In our study, intra-rater (test–retest) reliability was good for both methods for rater 1, and very good for rater 2. Inter-rater reliability among the 3 raters was very good for both methods. The TPAA method achieved higher ICC for both intra- and inter-rater reliability (Table 5), and this method was therefore recommended. ICCs for intra- and inter-rater reliability in this study are in agreement with previously published results [19, 21, 27, 28].

This study has some strengths, such as a large sample size, gender and ethnicity were considered as independent variables, the methods adopted for determination of posterior tibial slope were chosen because they are the most reliable and are not influenced by sex, age, height, and weight; intra- and inter-rater reliability were determined in a random group of 50 radiographs that were reviewed blindly by 3 raters.

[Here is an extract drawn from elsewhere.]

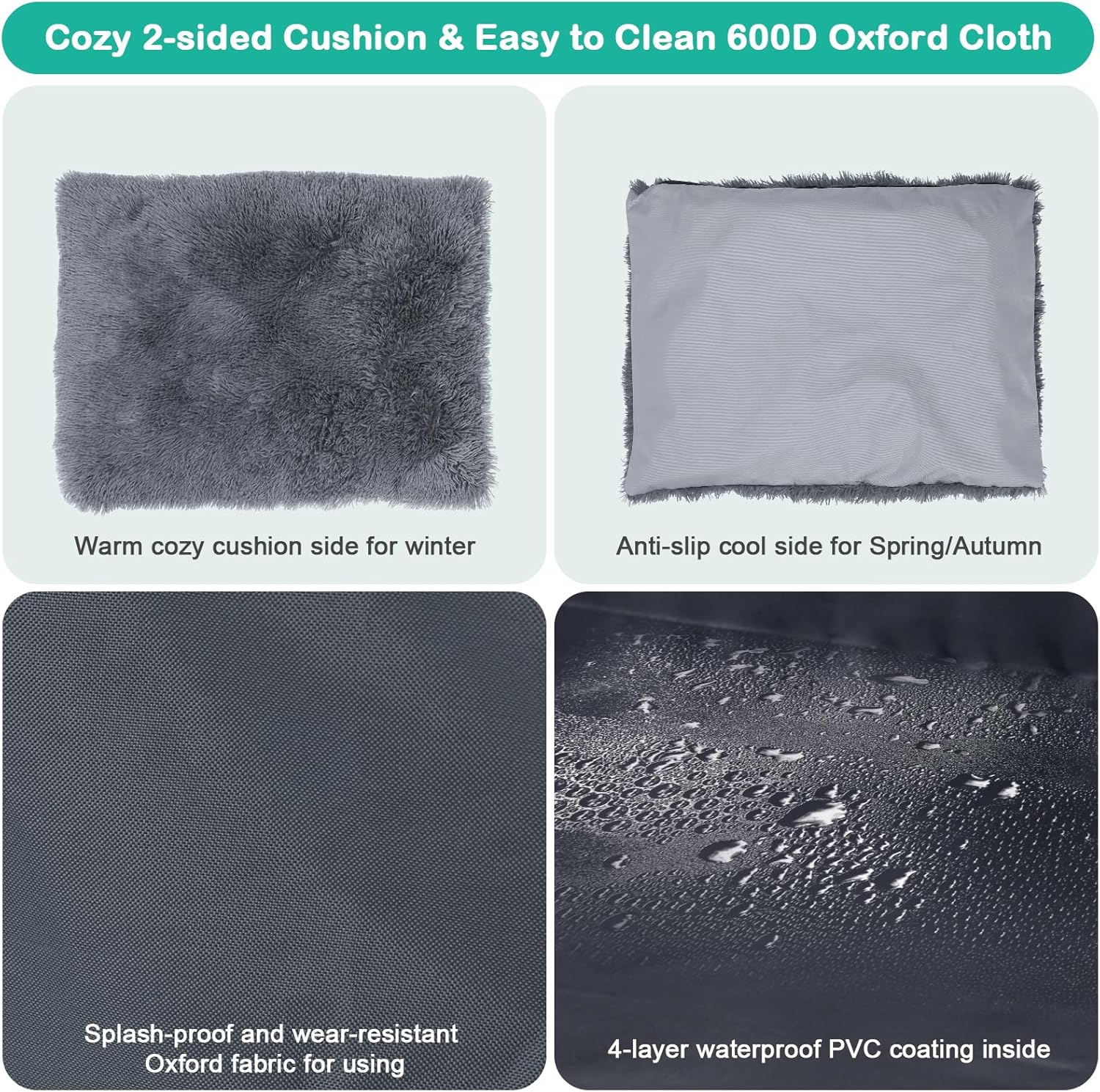 • Double-sided Cushion & Easy Installation: The cushion of this pet house is made of long velvet and oxford cloth, PP cotton. The Oxford cloth side is cool and scratch-resistant which is suitable for spring to autumn. While the velvet side is warm and cozy for winter. The cushion cover can be removed so it's easy to clean. Our products are easy to install. After testing, several of our colleagues spent less than 30 minutes to complete the assembly

Limitations exist for this study. Posterior tibial slope was measured on conventional 2D radiographs instead of using a 3D imaging technique, such as CT/MRI. Previous studies have reported that there is a good correlation between X-rays and CT/MRI, with an average error of about 3.4° [22, 27]. Because plain X-rays are cheap and easy to obtain, they are routinely adopted as a first line diagnostic modality in patients undergoing knee imaging for any reasons worldwide. Moreover, plain X-rays are the only imaging modality ordered in clinical practice in high tibial osteotomy or knee arthroplasty. Furthermore, it was deemed that there would be a smaller proportion of pathological X-rays in the databases, compared to MRI that are performed as a second line imaging modality to confirm knee disorders. For these reasons, it was supposed that a true lateral X-ray of the knee (with femoral condyles perfectly superimposed) would compensate for rotations of the tibia and would provide all the information needed for the determination of posterior tibial slope in most clinical scenarios, being cheap, ready to use, and having a worldwide spread. Another limitation of this study is the absence of Asian and/or Hispanic patients. Asian patients have been reported to have a posterior tibial slope that is significantly steeper compared to white and black subjects [19, 25]. Previous studies [11, 14] found no correlations between posterior tibial slope and degenerative joint disease. In the current study, severe degenerative joint disease was an exclusion criterion, and a subgroup analysis between knees with and without osteoarthritis was not done.

More studies are needed in the future to better evaluate the influence of gender, ethnicity, or other variables on posterior tibial slope.

In conclusion, differences in posterior tibial slope between different ethnic groups exist. Differences observed between genders are conflicting and might be too small to have implications in clinical practice. The TPAA method is recommended for the evaluation of posterior tibial slope for its higher intra- and inter-observer reliability.